5月24日、東京電力の高津浩行常務は日経エコロジーの取材に応じ、家庭などの電力値上げについて説明した。家庭用など規制部門の電気料金で利益の9割を占める構図、原子力発電所の再稼働について、除染や賠償、廃炉の費用、燃料費は安くできないのか、4月に先行した自由化部門値上げの反省、そして自身の“天下り”批判について語った。
(聞き手は日経エコロジー編集部 外薗祐理子)
家庭への送電にはコストが多くかかっている

東京電力常務お客さま本部長
1952年神奈川県生まれ。77年東京大学大学院修了後、東京電力入社。建設部、技術部、総合研修センター、関連事業部などを経て、2006年執行役員、2010年常務。2011年6月から現職
家庭などの規制部門を10.28%、工場などの自由化部門(編集部注:特別高圧および高圧で受電する顧客)で16.39%値上げするという根拠を教えてください。
高津:2012年からの3年間で売る平均の発生電力量を想定しました。今年3月に経済産業省が取りまとめた「電気料金制度・運用の見直しに係る有識者会議」で「3年を原則とすることが適当」とされたものに基づきました。すると、現行料金では5兆468億円の収入が見込めます。

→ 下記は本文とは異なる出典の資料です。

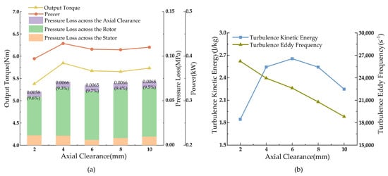 Single-stage turbine performance parameters with changes in axial clearance. (a) Plot of torque, pressure drop, and power versus axial clearance; (b) Curve of turbulent kinetic energy and turbulent eddy frequency versus axial clearance.
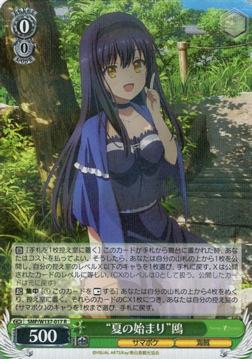 【起】 集中 [(1) このカードを【レスト】する] あなたは自分の山札の上から4枚をめくり、控え室に置く。それらのカードのCX1枚につき、あなたは自分の控え室の《サマポケ》のキャラを1枚まで選び、手札に戻す。
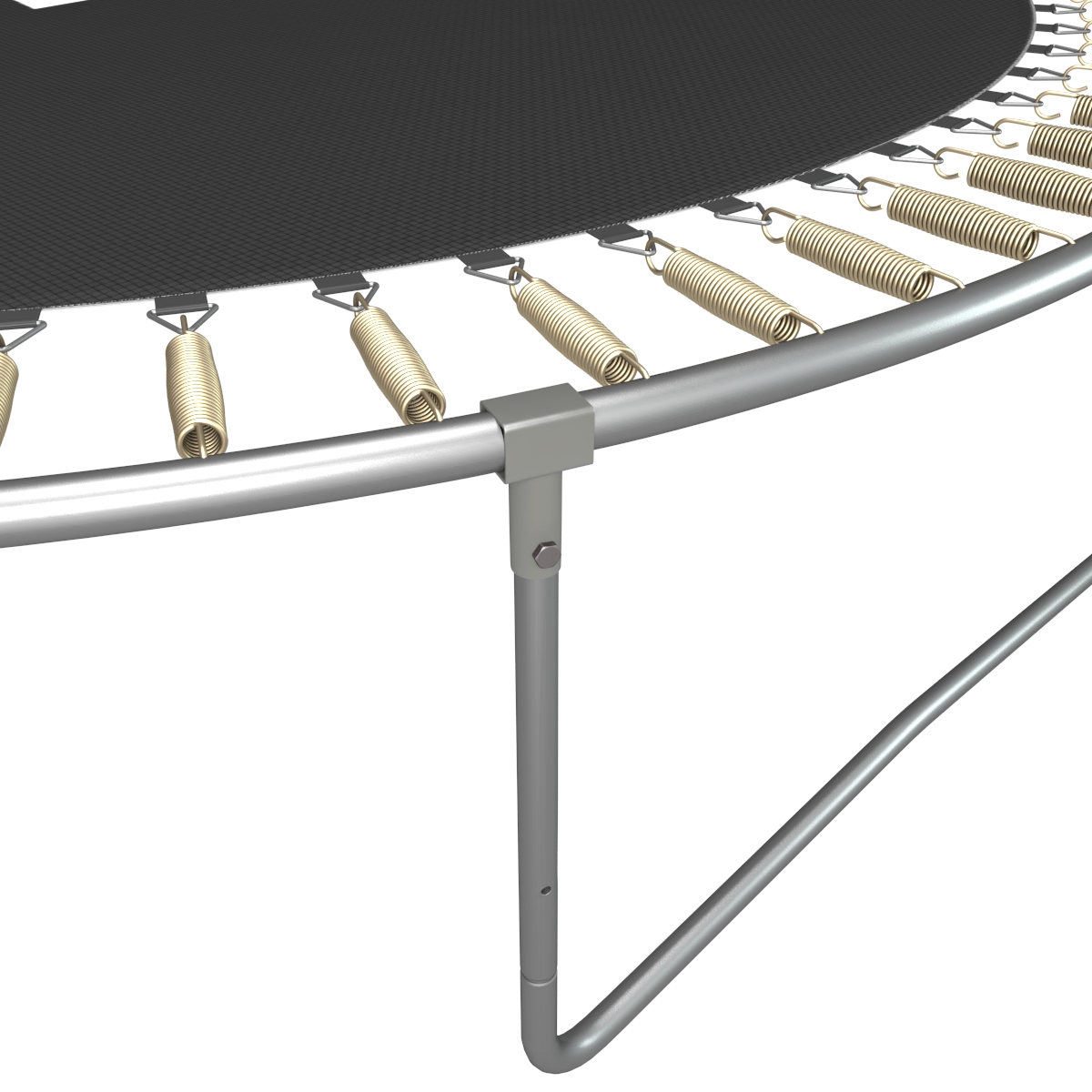 Металлический каркас батутов выполнен из особо прочной гальванизированной стали с использованием новейшей системы креплений деталей рамы батута «T-Conneсtor» (толщина стали 2.2 мм), что обеспечивает высокую надежность рамы и уровень безопасности пользователя, максимально допустимый вес которого, в зависимости от модели (размера), может достигать 160 кг. Гарантия на раму 2 года!!!

一方、どういう費用がかかるか細かく積み上げます。もちろん、それだけではお叱りを受けるので、必死に合理化に取り組んでいます。合理化の4割は人件費です。それ以外にも、いろいろと話題になった普及開発費(宣伝費)についても、オール電化の宣伝費などですが、そうしたものも大幅にカットしました。
大きいものから小さいものまで削れるものはすべて削っています。それでも、5兆7231億円コストがかかってしまいます。この差分をなんとか、電気料金の値上げということでお願いできないかと思っています。

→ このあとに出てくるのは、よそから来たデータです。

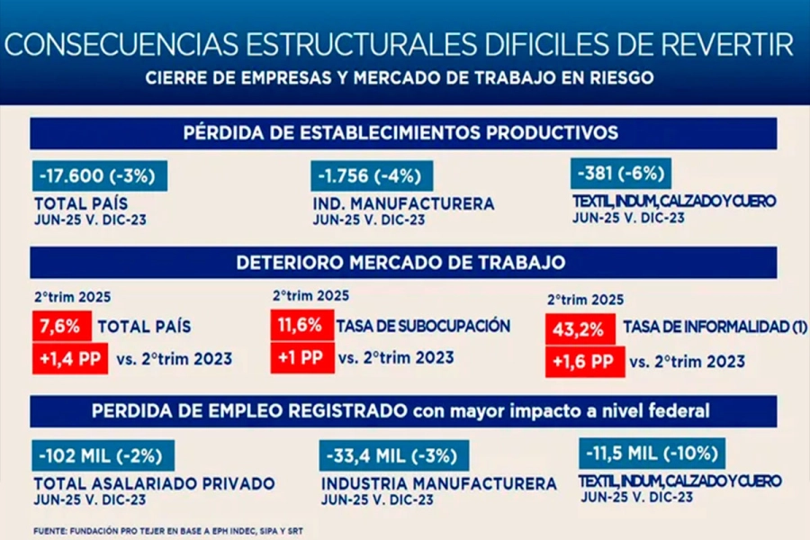 La crisis que atraviesa la industria textil argentina es cada vez más dramática. Según el último informe de la Fundación Pro Tejer, durante los últimos 18 meses se cerraron casi 400 empresas y se perdieron más de 12 mil empleos en el sector. Los empresarios textiles apuntan a diversos factores que complican aún más la situación, entre ellos, la desactualización del dólar, las políticas impositivas y la competencia desleal de productos importados, especialmente los que provienen de plataformas de venta como Shein.
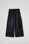 Pantalone ampio, vita elastica con coulisse regolabile, tasche alla francese, gamba dritta, orlo ribattuto alto sul fondo. Linea morbida
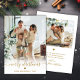 Minimalist Elegant Gold Script 2 Photo Merry Christmas Script Holiday Card. This festive, modern simple, two (2) photo holiday greeting card template featuring „Merry Christmas” text in a whimsical hand lettered whimsical swirly swash-tail font calligraphy script gold colour photo overlay. On the back side with your greeting message template with a little heart doodle and one photo template. Pretty greeting card for your family and friends in Christmas Holiday season.
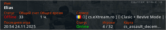 Играет на Counter Strike 1.6 сервере. Страна: РумынияПервый раз замечен 14:36 03.11.2024

これらを規制部門と自由化部門に分割します。それぞれ下の図のような計算になりまして、規制部門が1キロワット時当たり2.4円、自由化部門が同2.46円となります。
高津:私どもはこうした中身をすべてオープンにしています。過去もそうですが、オープンにせざるを得ない仕組みなのです。この費用や配分が適正かどうか、審査されています。

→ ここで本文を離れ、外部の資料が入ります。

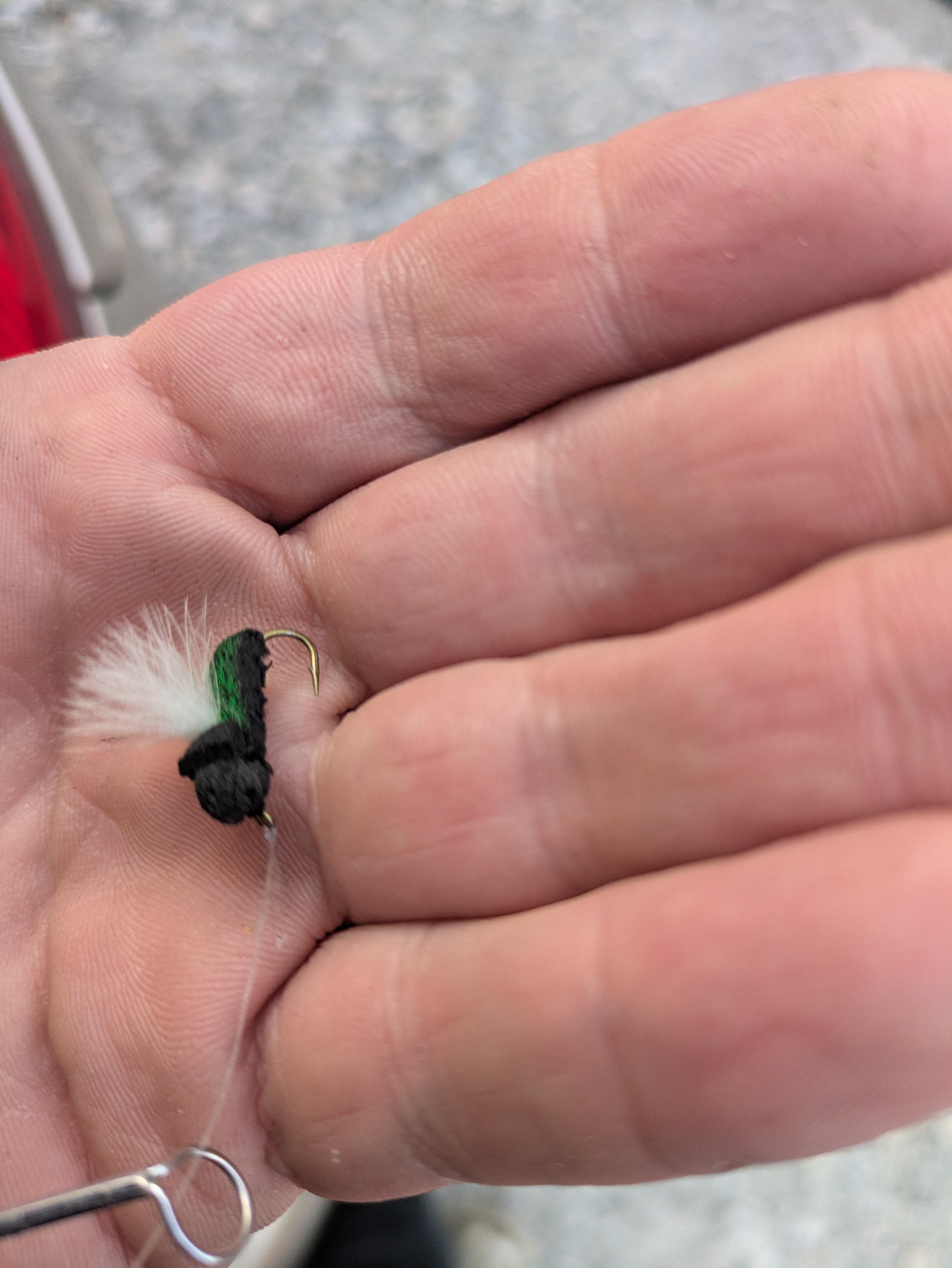The legs have been destroyed but after a week of tossing zebra midges and wooly buggers to stocked rainbow trout with little luck I switched it up last night to these when I saw them rising and it was on. Today I went out to a different spot and limited out in 30 minutes on this one fly. Not sure when the legs got lost but it didn’t seem to matter. I’ve never had top water bites hit so hard!

自由化部門というのは本来的には「自由」なのですが、やはりこのご時世ですとオープン性をかなり求められます。規制部門の値上げ分を明らかにすることで、構造が分かりますよね。「じゃあ、自由化部門も規制部門に準じた形で説明責任を果たしてほしい」というのが法人のお客様のご要望です。
4月1日から自由化部門では先行して順次、電気料金の値上げをお願いしています。数字は精緻にチェックしていますが、それでも「本当にそれで大丈夫か。下がるのなら4月1日に遡及して下げてほしい」というご要望がありました。こちらについては経産大臣からのいろいろなご指導もありますけれども、今後きちんと取り組んでいかなくてはいけないと思っています。